The Other Pay for Success: The Promise and Peril of Paying for Outcomes

Social impact bonds and pay-for-success are often viewed as synonymous. They shouldn’t be. There is another version of pay-for-success that has been around much longer, is far more widespread, and may be the future of social impact bonds.

Outcomes-based funding – payments to social service and other providers based at least in part on the results they achieve – is an idea that has been around for decades. Unfortunately, the history of this other version of pay-for-success has been far from universally positive.

If the futures of these two very different forms of pay-for-success become increasingly intertwined, it will be important to understand their respective strengths and weaknesses. While the two ideas can be highly synergistic, there is also a substantial risk of recreating the failures of the past.

Two Approaches: Similar, but Different

On the surface, social impact bonds (SIBs) and more traditional outcomes-based funding systems are very similar.
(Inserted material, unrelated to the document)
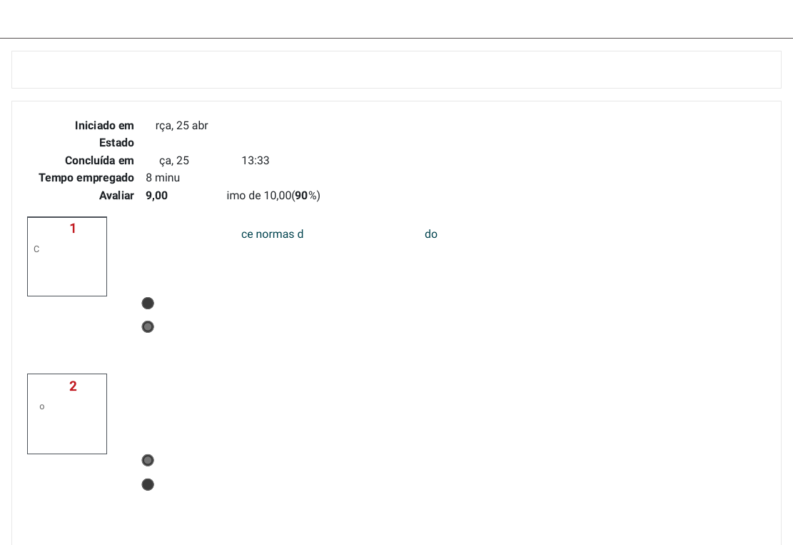 Questão 1 Correto Atingiu 1,00 de 1,00 Questão 2 Correto Atingiu 1,00 de 1,00 Iniciado em terça, 25 abr 2023, 13:24 Estado Finalizada Concluída em terça, 25 abr 2023, 13:33 Tempo empregado 8 minutos 34 segundos Avaliar 9,00 de um máximo de 10,00(90%) O que for ético oferece normas de como agir em direção do bem. Para cada situação ou realidade, novas perguntas devem ser feitas, pois a ética não se questiona, mas a moral, sim. Escolha uma opção: Verdadeiro Falso Ser ético é escolher a melhor premissa, perguntando-se sempre qual é o melhor caminho para fazer bem. O que é bem nessa situação? Ficar aberto ao questionamento é permitir ter uma perspectiva ética. Escolha uma opção: Verdadeiro Falso Questão 3 Correto Atingiu 1,00 de 1,00 Questão 4 Correto Atingiu 1,00 de 1,00 Questão 5 Correto Atingiu 1,00 de 1,00 Na época contemporânea é vista com certo moralismo antiquado. Na época clássica, como conceito central. Com base em vários autores poderíamos traduzir por “excelência”. “O que faz com que um ser humano seja de tal modo pleno ou autêntico é a Virtude ”. Na , como identidade da vontade universal e particular, há uma coincidência entre deveres e direitos. “Por meio do ético, o homem tem , na medida em que tem , e deveres, na medida em que tem direitos”. Só pode ter deveres quem tem, , direitos. Um escravo, portanto não pode ter deveres. eticidade direitos deveres ao mesmo tempo A ética é mais ampla e universal durando mais tempo, enquanto a moral é restrita e funciona em determinados campos da conduta humana em determinados períodos. Escolha uma opção: Verdadeiro Falso Questão 6 Incorreto Atingiu 0,00 de 1,00 Questão 7 Correto Atingiu 1,00 de 1,00 A filosofia contemporânea, no mundo em que vivemos das telecomunicações, da internet, dos programas espaciais, da física quântica, ou da medicina de alta tecnologia, a filosofia contemporânea desde o século XIX se fundamenta nos conceitos da história e da filosofia de Hegel pelas ideias de totalidade e de processo, sendo o homem um ser histórico, assim como a sociedade. Isto traz como uma das consequências a ideia de progresso e consagra a visão crítica diante das bases morais da sociedade ocidental, da religião e os abusos da própria ciência. Escolha uma opção: Verdadeiro Falso A organização política em que os cidadãos vivem – as cidades-estado – favorece a sua participação ativa na vida política da sociedade. As teorias éticas apontam para um dado ideal de cidadão e de sociedade é chamada de: a. Estóicos b. Ética c. Polis d. Cosmos Questão 8 Correto Atingiu 1,00 de 1,00 A educação é vulnerável a um ambiente adverso, especialmente se é ministrada com deficiências ou se ensejar espaços para incompreensões. O meio em que vive a mídia eletrônica, as publicações, enfim, tudo que possa interferir no sentido de corroer a moral educacional, pode acarretar a transformação das referências adquiridas na base educacional. A que tipo de influências esta assertiva se refere? a. Influências determinística. b. Influências pessoais. c. Influências ambientais. d. Bases mentais e condutas. Mudar para o tema padrão Questão 9 Correto Atingiu 1,00 de 1,00 Relacione abaixo alguns dos sistemas conceituais fundamentais da ética: É um código de valores capaz de guiar a conduta do homem e suas respectivas escolhas e decisões, permitindo julgamento do certo ou do errado, do bem ou mal. É uma das tarefas da ética responder sobre as questões do egoísmo, que é a preocupação com os interesses de caráter individual ou corporativo, cujo conceito não inclui a avaliação moral, pois não nos diz se a preocupação com esses interesses é boa ou má. Faz referência mais a determinados campos da conduta humana onde a visão estreita de moralidade deriva para moralismo - equivale a uma espécie de loucura da ética, quando se perde o sentido geral das coisas para se apegar a certos pontos ou normas, que são tomados de forma absoluta, sem levar em conta a amplitude, o conjunto. Moralismo é a doença da ética. A ética responde a esse conceito que deve significar a preocupação com os interesses do outro, porém, não inclui a avaliação moral, pois não significa que uma ação altruística é boa ou má. É o estudo dos aspectos lógicos de um discurso ou tratado moral. É o estudo do significado dos termos usados no discurso ético. É o tipo de reflexão que analisa o discurso moral, constituindo uma metalinguagem de caráter pretendidamente neutro ou não normativo. Moralidade Egoísmo Moralismo Altruísmo Metaética https://moodle.ifrs.edu.br/theme/switchdevice.php?url=https%3A%2F%2Fmoodle.ifrs.edu.br%2Fmod%2Fquiz%2Freview.php%3Fattempt%3D12576300%26amp%3Bcmid%3D303926&device=default&sesskey=M2yFUUIwKC Questão 10 Correto Atingiu 1,00 de 1,00 É um exemplo de falso moralismo: Escolha uma opção: a. Não fazer a reciclagem do lixo corretamente. b. Dar esmola quando para o carro no semáforo. c. Proibir o uso de certas roupas em casa, mas ser inconveniente com pessoas na rua que usam as mesmas roupas. d. Pais que não querem que a filha saia de casa sozinha tarde da noite e. Reclamar da pessoa que fura a fila. ← 3.11 Material Complementar - Ética é questão de opinião? - Mario Sergio Cortella Seguir para... 3.13 Conceitos da ética profissional → https://moodle.ifrs.edu.br/mod/page/view.php?id=303925&forceview=1 https://moodle.ifrs.edu.br/mod/page/view.php?id=303928&forceview=1

Both involve governments paying other (often nonprofit) entities for services that are based at least partly on results.

But there are also a number of important differences. SIBs, at least as they are commonly understood in the United States, typically involve third-party private financing and rely on rigorous external evaluations to determine their impact. By contrast, outcomes-based funding systems usually lack third-party financing and rely on validated administrative data to determine payments.
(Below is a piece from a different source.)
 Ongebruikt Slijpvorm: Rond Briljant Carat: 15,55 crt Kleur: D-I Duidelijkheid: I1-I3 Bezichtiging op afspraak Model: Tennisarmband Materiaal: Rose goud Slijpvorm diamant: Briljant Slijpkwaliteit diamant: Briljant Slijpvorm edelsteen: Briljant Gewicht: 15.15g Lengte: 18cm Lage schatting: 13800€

There is also a significant difference in scale. While SIBs are currently experiencing significant growth, fewer than a dozen are actually operational in the United States and only two have shown any results so far (in Rikers Island and Salt Lake County). By contrast, outcomes-based funding systems are already operating at scale, affecting perhaps hundreds of billions of dollars in annual public funding, including in education, job training, social services, and health care, the last of which by itself comprises a substantial portion of the U.S. economy.

While these differences are significant, they may not be destined to last. As SIBs grow, there are already signs that they may become more like their larger, more established sibling. First, the current financing mechanism for SIBs may not be scalable. Despite the increased availability of social investment capital, the risk-reward ratio may make them financially unattractive to profit-motivated investors, particularly after the failure of the Rikers Island project. Foundation funds, which have provided the bulk of the financing to date, may be too limited to provide sufficient scale. Second, the external impact evaluations used to judge success may be too expensive and impractical once SIBs advance beyond the demonstration stage.

If these limitations prove insurmountable, SIBs may become more like traditional performance-based contracts. At least one national SIB expert foresees such a future, while others have begun to raise questions. If such a convergence does occur, the history and lessons of outcomes-based funding will become increasingly important to understand.

The Promise and Peril of Outcomes-based Funding

At first glance, outcomes-based funding has a lot going for it. It creates financial incentives for greater effort and continuous improvement. It can also induce market effects, allowing better-performing providers to thrive and grow, while lower-performing competitors are forced to improve or close their doors.

By incentivizing greater performance, it can also promote the use of evidence-based practices and help bring evidence-based programs to scale. However, because it is focused on outcomes rather than compliance or process measures, it can also provide organizations the flexibility they need to innovate, make rapid adjustments, and further improve upon those evidence-based programs.

Moreover, unlike social impact bonds, which typically feature complex contractual arrangements, outcomes-based funding systems are usually much simpler. Because incentive payments are commonly structured as bonuses or penalties, they rarely require third-party financing that might inhibit bringing them to scale. When such financing is necessary it is left to the providers themselves, who often have substantial experience negotiating their own lines of credit.

Given these many advantages, it is not difficult to understand why some social impact bond proponents might view outcomes-based funding as a natural next step. Unfortunately, despite its potential, its actual track record has been mixed to poor.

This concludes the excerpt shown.